The observations of our study were not in accordance with earlier reports by Marrink et al.2, 3 who have presented the only former clinical applications of serum TRA-1-60. They did find that TRA-1-60 was released into the serum of 76% of EC-positive disseminated NSGCT patients in concordance with the 78% found in our study. In contrast they found sera from all seminoma patients to contain normal levels of TRA-1-60, whereas our present study found elevations in 80% of these patients with disseminated disease. The reasons for this discrepancy are unclear and although earlier in vitro studies have not been consistent as to the expression of TRA-1-60 in seminomatous cell lines differences in antigen expression does not seem a reasonable explanation in this case.4
In our present study, 1 of the major problems identified was the lack of normalization of TRA-1-60 after chemotherapy. Again, this is in contrast to the earlier findings by Marrink et al.2 who found that all elevated TRA-1-60 values normalized after chemotherapy. Our main concern, however, relates to the rate of false positive values found in the Stage I NSGCT group. This problem was only addressed briefly in the study by Marrink et al.2 Approximately one-third of Stage I NSCGT patients in our study had elevated levels of TRA-1-60 at 2 months follow-up without developing recurrence and with normal AFP and HCG (Fig. 2). This figure was the same when only patients with EC-positive NSGCT were considered. At 4 months 8/19 NSGCT patients without subsequent recurrence had TRA-1-60 levels that would necessitate further examinations. Again, AFP and HCG were normal in all patients. The problem is illustrated in Figure 3.

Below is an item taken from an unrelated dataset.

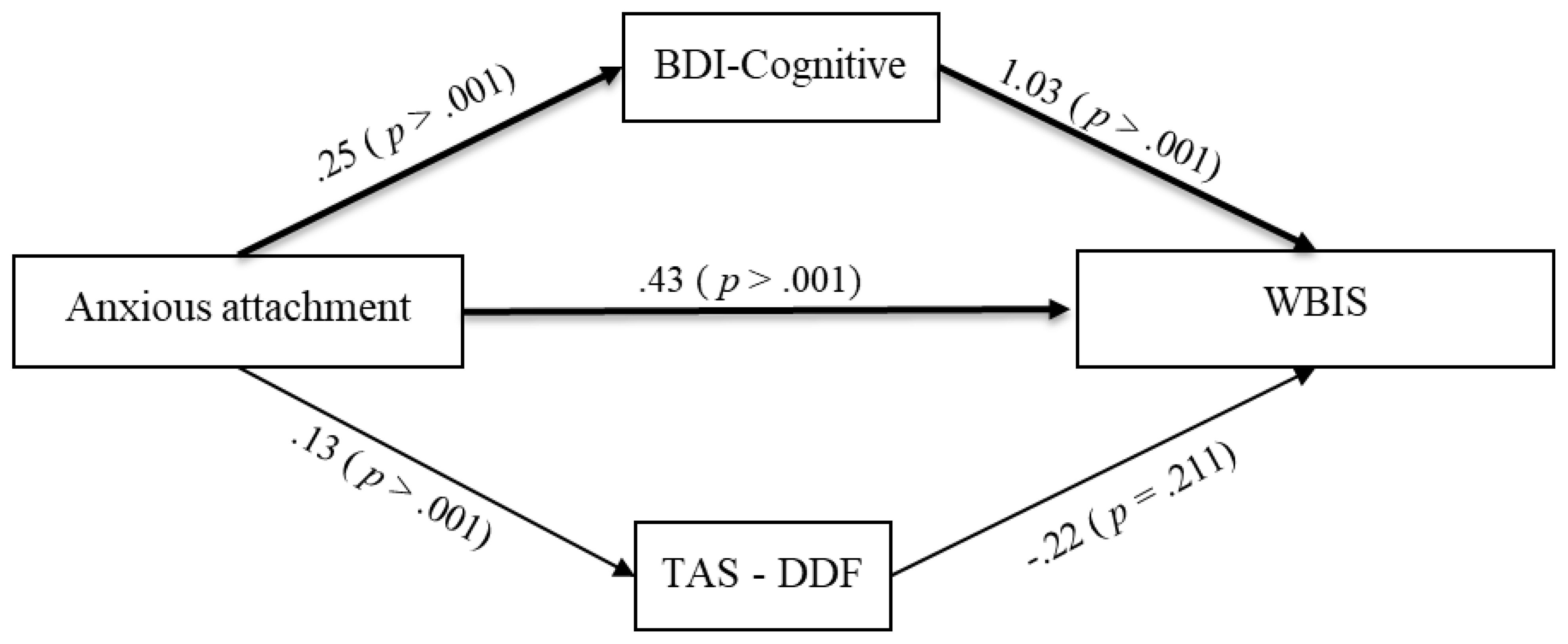 These results suggest that cognitive symptoms of depression partially mediated the relationship between anxious attachment and IWB. In contrast, difficulty describing feelings did not play a significant mediating role.

In patients with disseminated testicular cancer, normalization in TRA-1-60 is not seen in all patients after treatment with chemotherapy despite no other signs of residual disease. Approximately one-third of patients with Stage I NSGCT have increased values of TRA-1-60 without having a relapse. TRA-1-60 is not at present useful as a tumor marker in patients with germ cell tumors. Although detecting a few early relapses the rate of false positive elevations in the tumor marker makes it unreliable in the clinical setting. Nevertheless, our study did confirm that elevated levels of TRA-1-60 were present in ∼80% of patients with disseminated EC-positive NSGCT at the start of chemotherapy and chemotherapy induced a significant decrease in levels of TRA-1-60. Thus, the TRA-1-60 antigen might still prove clinically useful provided the reliability of the assay can be improved.